BeliefMapNav: 3DVoxel-Based Belief Map for Zero-Shot Object Navigation
Zero-shot object navigation (ZSON) allows robots to find target objects in unfamiliar environments using natural language instructions, without relying on pre-built maps or task-specific training. Recent general-purpose models, such as large language models (LLMs) and vision-language models (VLMs), equip agents with semantic reasoning abilities to estimate target object locations in a zero-shot manner. However, these models often greedily select the next goal without maintaining a global understanding of the environment and are fundamentally limited in the spatial reasoning necessary for effective navigation. To overcome these limitations, we propose a novel 3D voxel-based belief map that estimates the target's prior presence distribution within a voxelized 3D space.
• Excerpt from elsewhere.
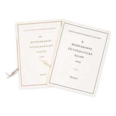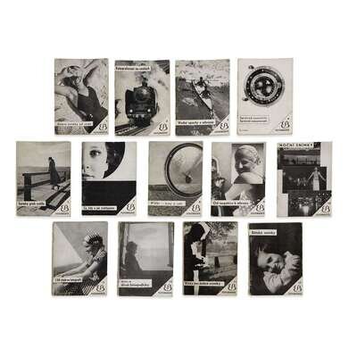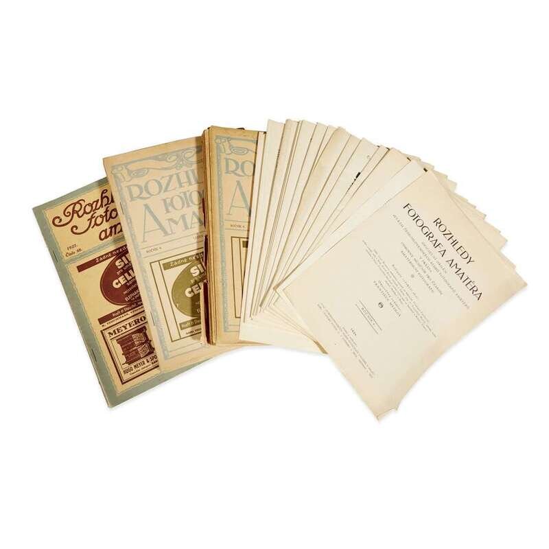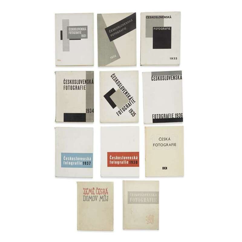1. Ceskoslovenská Fotografie Prague: Fotograficky Obzor/Svaz Ceskoslovenská Klubu Fotografu Amatéru, 1931-40, 1946. Eleven volumes of the complete run of 13 (lacking the supplementary volumes of 1941 and 1949). 4to. 64 pp. each, with varying pages of ads in rear. First through eighth volumes bound in white cloth-covered boards stamped in red, grey, blue, and black; ninth through eleventh volumes bound in off-white paper-covered boards stamped in red, grey, blue, and black. Publication ceased during Nazi occupation, but an additional three volumes were published after World War II. Covers of first eight volumes designed by Karl Teige. 2. Fotorádce Prague: E. Beaufort, Podniky Grafické a Nakladatelské, undated (ca. 1940s-1950s). 13 issues (1-5, 7-13, 17) of this Czech photography series. Stiff photographic wrappers, some pencil notations and stamps on wrappers and title-pages. Text with black-and-white photographs and the occasional line drawing. 3. Hák, Miroslav Ocima: svet kolem nás Prague: Ceskoslovenské filmové nakladatelství, 1947. First edition. Square 8vo. 15 pp. of text, with 45 sheet-fed gravures. Stiff photographic wrappers. Miroslav Hák worked as the photographer for the theater group D34, for the Czech film industry, and in the 1940s was part of the avant-garde Group 42. (Heiting, 302). 4. Vilém Heckel Prague: Panorama, 1981. First edition. Text by Petr Teusk. 4to. Stiff photographic portfolio, rear fold separating; containing 18 loose bromoil prints; with 28 pp. of text in, stapled self wrappers. 5. Jenícek, Jicí (photographer) and Ladislav Sutnar (designer) Dvacet let ceskoslovenské armády v osvobozeném state Prague: for the Interior Ministry, 1938. 4to. 243 pp. Quarter white pigskin, stamped in gilt, over orange cloth-covered boards; black endpapers; photographic dust-jacket, variously chipped and torn, with tape repairs. Dvacet let ceskoslovenské armády v osvobozeném státe [Twenty Years of the Czechoslovakian Army in the Liberated State] was designed by Ladislav Sutnar with 72 black-and-white photographs by Jicí Jenícek, and produced by the Interior Ministry in pre-war Czechloslovakia. 6. Mezinárodní Fotografický Salon Prague: Svac Cs. Klubu Fotografu Amatéru, 1933, 1935. 8vo. In two volumes. Unpaginated. Stiff printed wrappers. Illustrated catalogues for the second and third international photography exhibitions organized by the Club of Amateur Photographers in Prague. Rare. 7. Vilém Reichmann Prague: Pressfoto, 1984. First edition. Text by Alena Šlachtová. 4to. Stiff photographic portfolio; containing 13 loose halftone prints (duplicate of image #1); with 14 pp. of text, stapled self wrappers. Volume 8 of the International Photography Editions series. 8. Rozhledy Fotografa Amatéra Prague: Rozhledy Fotografa Amatéra, 1926-29. 46 issues, plus index. Limp wrappers, printed in black, red, brown, and blue, several with front cover detached; contains text, reproductions of photographs, and ads. A near-complete run for the years 1926-29 (missing first issue of 1927). 9. Tmej, Zdenek (Czech, 1920-2004) Abeceda: Duševního Prázdna Prague: Nakladatelství Zádruha, 1946. First edition. 4to. Unpaginated. Illustrated with photogravures. Stiff wrappers, variously chipped; rubber stamps to recto of first free leaf and copyright page, possibly ex-library; dust-jacket wanting. Photographs by Zdenk Tmej with text by Alexandra Urbanová. Tmej's "Alphabet of Spiritual Emptiness" largely consists of photos surreptitiously taken at Breslau in 1942 while forced to work for the Nazi war effort. (Roth, p.124.). 10. [Toyen] (designer) Matka: Povídky a medailony Prague: Rudolf Kmoch, 1943. 8vo. 175 pp. With frontispiece by Toyen. Quarter cloth over decorated paper-covered boards; photographic dust-jacket also designed by Toyen. With André Breton's help, the painter Toyen (1902-1980) helped make Prague a significant center for Surrealist activity. Born Marie Cermínová, he adopted the name Toyen, dressed in men's clothes, and used masculine pronouns.

This approach enables agents to integrate semantic priors from LLMs and visual embeddings with hierarchical spatial structure, alongside real-time observations, to build a comprehensive 3D global posterior belief of the target's location. Building on this 3D voxel map, we introduce BeliefMapNav, an efficient navigation system with two key advantages: i) grounding LLM semantic reasoning within the 3D hierarchical semantics voxel space for precise target position estimation, and ii) integrating sequential path planning to enable efficient global navigation decisions. Experiments on HM3D and HSSD benchmarks show that BeliefMapNav achieves state-of-the-art (SOTA) Success Rate (SR) and Success weighted by Path Length (SPL), with a notable 9.7 SPL improvement over the previous best SR method, validating its effectiveness and efficiency.